Cooper v. Bd. of County Com'rs of Ada County

ON PETITION FOR REHEARING

DONALDSON, Chief Justice.

Appellants and respondent jointly petitioned for rehearing, seeking clarifica*412tion as to whether the Ada County Comprehensive Plan of 1968, which was in effect when the application for rezone was made, or the Ada County Comprehensive Plan of 1977 is to be applied on remand.

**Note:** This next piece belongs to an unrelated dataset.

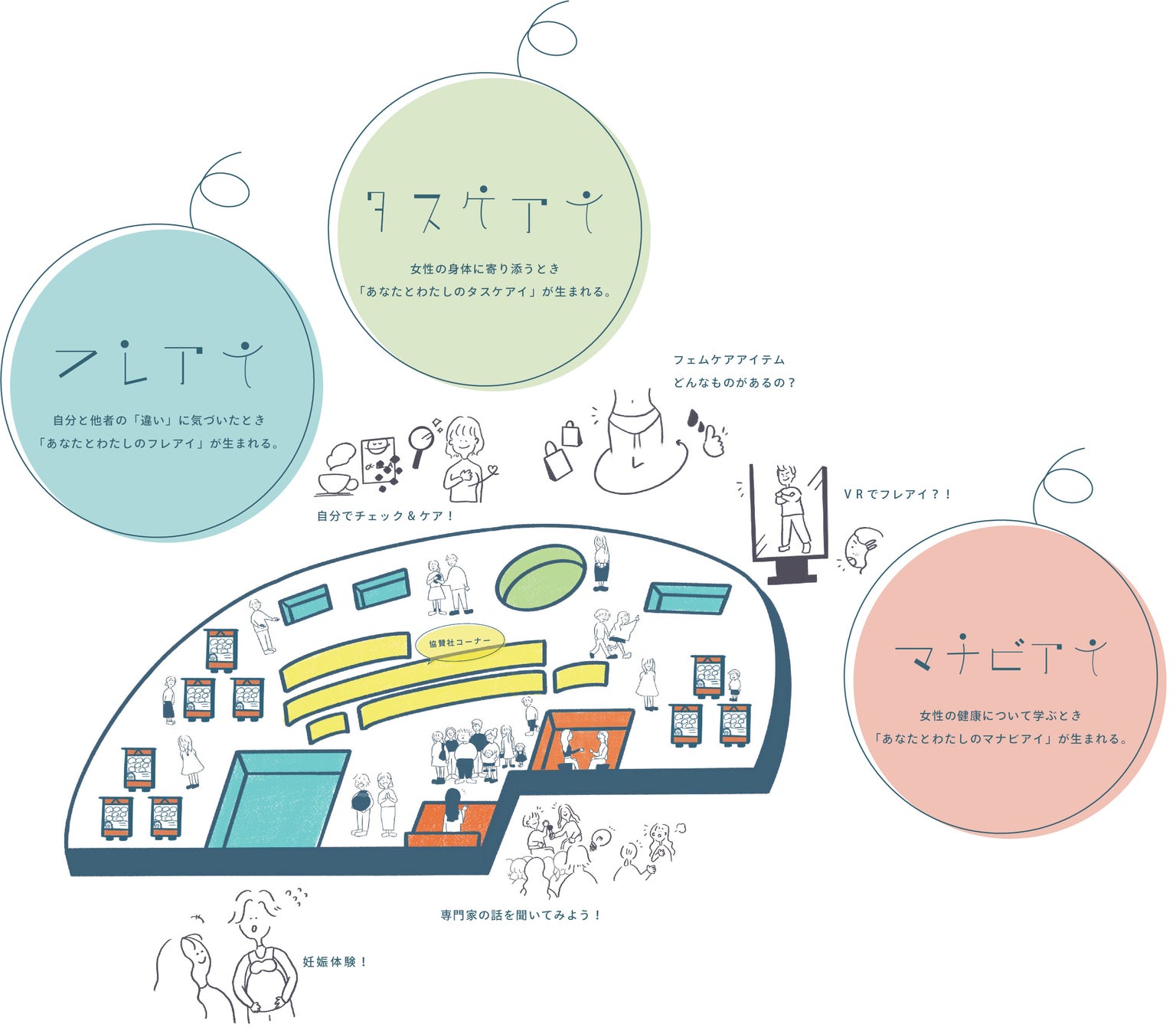 本イベントでは、女子大学生が考えたフェムケアを「フレアイ」、「タスケアイ」、「マナビアイ」の3つのセクションでご紹介します。H.U.POCkeTは「フレアイ」スペースに出展し、検査キットについて女子大学生が感じた「オモイ」とともに、子宮頸がんの原因となるヒトパピローマウイルス(HPV)の検査キットや歯周病リスク検査キット、骨粗しょう症リスク検査キットを展示するほか、模型による乳がんの触診体験も実施します。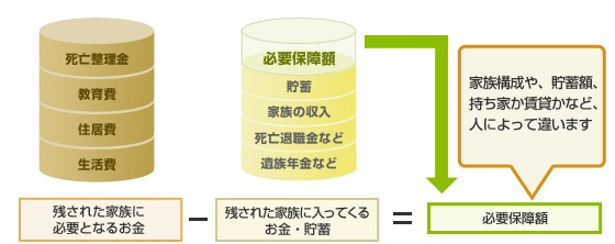 必要保証額=支出(葬儀費用+教育費+生活費)-収入(貯蓄+妻の収入+遺族年金)

Appellants contend the 1968 Plan should be applied on remand, citing Ready-To-Pour, Inc. v. McCoy, 95 Idaho 510, 511 P.2d 792 (1973) and Ben Lomond, Inc. v. City of Idaho Falls, 92 Idaho 595, 448 P.2d 209 (1968). Those cases dealt with applications for building permits and subsequent enactment of zoning ordinances which were not pending before the governing body when the applications were made and, if given retroactive effect, would have defeated plaintiffs’ rights to the permits. In Ben Lomond and Ready-To-Pour, it was held the subsequently enacted ordinances could not be given such retroactive effect and that those effective at the time of application were determinative of plaintiffs’ right to the permits. The rationale for so holding was stated in Ben Lomond as follows:

“[T]o hold for the City in the present case would mean that a city, merely by withholding action on an application for a permit, could change or enact a zoning law to defeat the application. It could, in substance, give immediate effect to a future or proposed zoning ordinance before that ordinance was enacted by proper procedure. The present case effectively illustrates this possibility. The language of the Wisconsin Supreme Court in holding that a city could not deny an application for a building permit on the basis of an ordinance later enacted is pertinent here:
‘. . . It is apparent that the town officials were trying to keep one jump ahead of Humble and were attempting to change the rules after they had been hailed into court. ... If the town’s contention is upheld it would be tantamount to approving the proposition that every time a party came close to successfully challenging a town and its zoning board on its zoning actions, his gains could be legislated away by the enactment of an amendment to the ordinance.’ ”
(emphasis added) 92 Idaho at 602, 448 P.2d at 216, quoting from State ex rel. Humble Oil & Refining Co. v. Wahner, 25 Wis.2d 1, 130 N.W.2d 304, 311 (1964).

In Fasano v. Board of County Com’rs, 264 Or. 574, 507 P.2d 23 (1973), the Oregon Supreme Court, dealing with a statutory land use regulation scheme similar to Idaho’s, observed the following with respect to the relationship between the comprehensive plan and the zoning ordinances enacted in accordance therewith:

“Although we are aware of the analytical distinction between zoning and planning, it is clear that under our statutes the plan adopted by the planning commission and the zoning ordinances enacted by the county governing body are closely related; both are intended to be parts of a single integrated procedure for land use control. The plan embodies policy determinations and guiding principles; the zoning ordinances provide the detailed means of giving effect to those principles.” 507 P.2d at 27.

Accordingly, it is the decision of this Court that the Ada County Comprehensive Plan of 1968, in effect at the time appellants made application for rezone, is to be applied on remand to respondent Board.

The judgment of the district court is reversed and the case is remanded to the district court with order to remand to the Board of County Commissioners for further proceedings in accordance with I.C. §§ 67-6501 et seq. and this opinion.

SHEPARD, McFADDEN and BISTLINE, JJ., concur.